AWS Powershell Tools Snippets: S3 Multipart Upload Cleanup

My company does quite a bit with AWS S3. We use it to store static files and images, we push backups to it, we use it to deliver application artifacts, and the list goes on.

When you push a significant amount of data to and from S3, you're bound to experience some network interruptions that could stop an upload. Most of the time S3 clients will recover on their own, but there are some cases where it might struggle.




One such case is when you are pushing a large file and using S3 Multi Part Uploads. This can leave you with pieces of files sitting in S3 that are not useful for anything, but still taking up space and costing you money. We recently worked with AWS support to get a report of how how many incomplete uploads we had sitting around, and it was in the double digit terabytes!

We started looking for a way to clean them up and found that AWS recently created a way to manage these with a bucket lifecycle policy. Some details are in a doc here and there's an example of how to create this policy on the AWS CLI towards the bottom.

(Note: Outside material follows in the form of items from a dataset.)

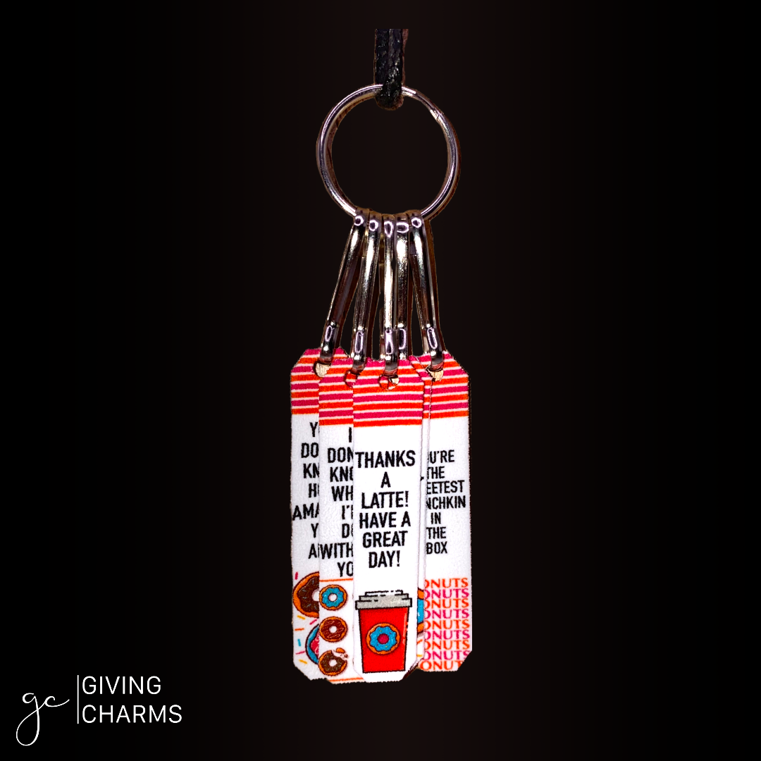 This set features 5 shareable charms attached to a silver loop on a 20" black wax necklace. Great to hang off your rearview mirror & tip when you go through the drive-thru *Disregard the necklace to use as a keyring!
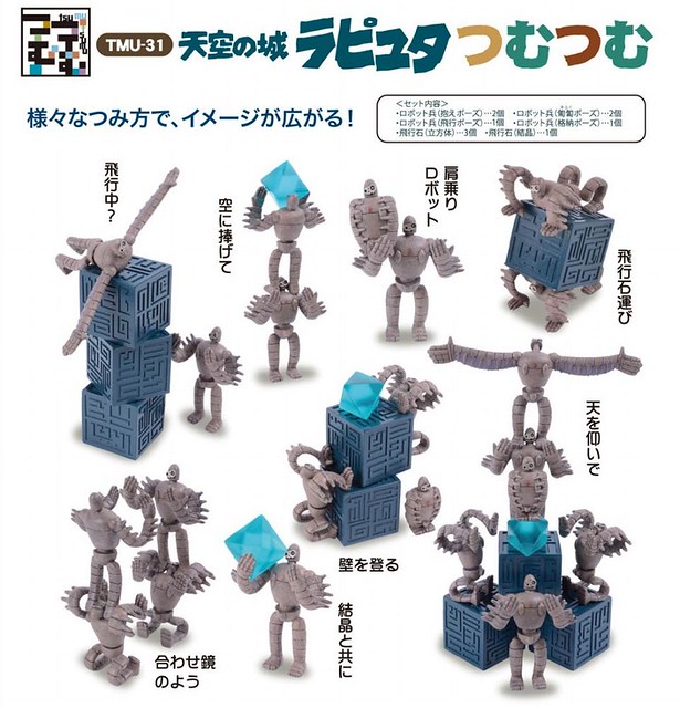 專門推出有趣疊疊樂玩具商品的Ensky(エンスカイ)玩具公司將推出天空の城ラピュタ つむつむ TMU‐31 天空之城 機器人兵 疊疊樂(暫時翻譯),繼推出宮崎駿大師的吉卜力工作室所推出的動畫電影系列龍貓疊疊樂、魔女宅急便 疊疊樂 等等,這次將天空之城當中出現的神祕機械人兵縮小尺寸成為疊疊樂。
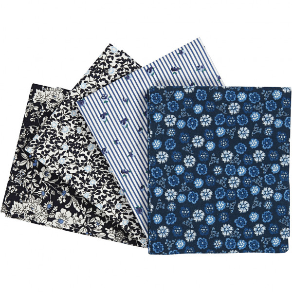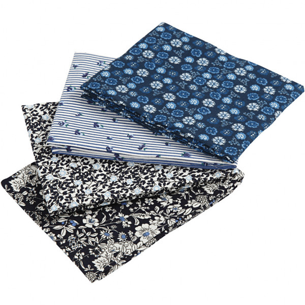 Patchwork-Stoff, Größe 45x55 cm, 100 g/qm, 4 Stck., Blau [HOB-44176]
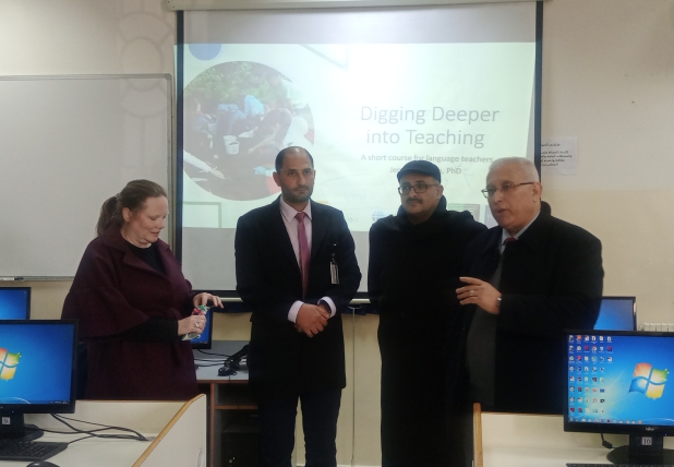 افتتح عميد كلية اربد الجامعية الأستاذ الدكتور يحيا سلامه خريسات الدورة التدريبية: "التعلم معا لتعزيز تدريس اللغة الانجليزية لدينا"، بحضور الدكتور جمال العمري مساعد مدير مركز تكنولوجيا التعلم والتعليم في مركز الجامعة ، والتي تنظمها وحدة التعاون والعلاقات الدولة ومركز تكنولوجيا التعلم والتعليم لمدرسي اللغة الانجليزية من أعضاء هيئة التدريس في كلية اربد والحصن وعجلون الجامعية ، والتي تقام في مركز الحاسوب في كلية اربد الجامعية تقدمها الدكتورة جينيفر غرين باحثة فولبرايت من جامعة واشنطن الأمريكية والتي تهدف إلى بناء القدرات الخاصة في مجال استخدام التكنولوجيا في العملية التعلمية والتعليمية ، حيث تستمر الدورة لمدة يومين.
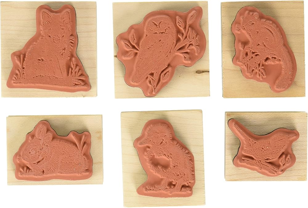 Woodland animals stamp set includes (6) reusable stamps mounted on wooden blocks.
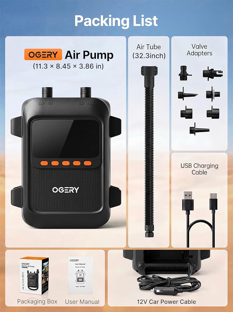 OGERY Paddle Board Electric Pump with Safe & 30% Faster Dual Stage Inflation & Deflation, Up to 20PSI, Smart Auto-Off and Powerful Rechargeable Compact Air Pump for Sup Inflatable Beds Tent Boats

We decided to recreate this functionality in Powershell using "Write-S3LifecycleConfiguration Cmdlet" to make it a little easier to apply the policy to all of the buckets in our account at once.

It took a little reverse engineering. The Write-S3LifecycleConfiguration commandlet doesn't have many useful examples. In the end I wound up creating the policy I wanted in the AWS console, and then using Get-S3LifecycleConfiguration to see how AWS is representing the policies in their .NET class structure.

It seems to me that there are a lot of classes between you and creating this policy, but that could mean that AWS has future plans to make these policies even more dynamic and useful.

The code I came up with at the end is below. Hope it's helpful!


$rule = new-object -typename Amazon.S3.Model.LifecycleRule;
$incompleteUploadCleanupDays = new-object -typename Amazon.S3.Model.LifecycleRuleAbortIncompleteMultipartUpload
$incompleteUploadCleanupDays.DaysAfterInitiation = 7
$rule.AbortIncompleteMultipartUpload = $incompleteUploadCleanupDays
$rule.ID = "WholeBucketPolicy"
$rule.status = "Enabled"

$prefixPredicate = new-object -type Amazon.S3.Model.LifecyclePrefixPredicate

$lifecycleFilter = new-object -type Amazon.S3.Model.LifecycleFilter

$lifecycleFilter.LifecycleFilterPredicate = $prefixPredicate

$rule.Filter = $lifecycleFilter

foreach ($bucket in get-s3bucket) {
    write-host "Bucket name: $($bucket.bucketname)"
    $existingRules = get-s3lifecycleconfiguration -bucketname $bucket.bucketname
    $newPolicyNeeded = $true;
    foreach ($existingRule in $existingRules.rules) {
            if($existingRule.ID -eq $rule.ID) {
                write-host "Policy $($rule.ID) already exists, skipping bucket"
                $newPolicyNeeded = $false;
            }
    }
    if($newPolicyNeeded) {
        write-host "Rule not found, adding"
        $existingRules.rules += $rule

        Write-S3LifecycleConfiguration -bucketname $bucket.bucketname -configuration_rule $existingRules.rules
    }
}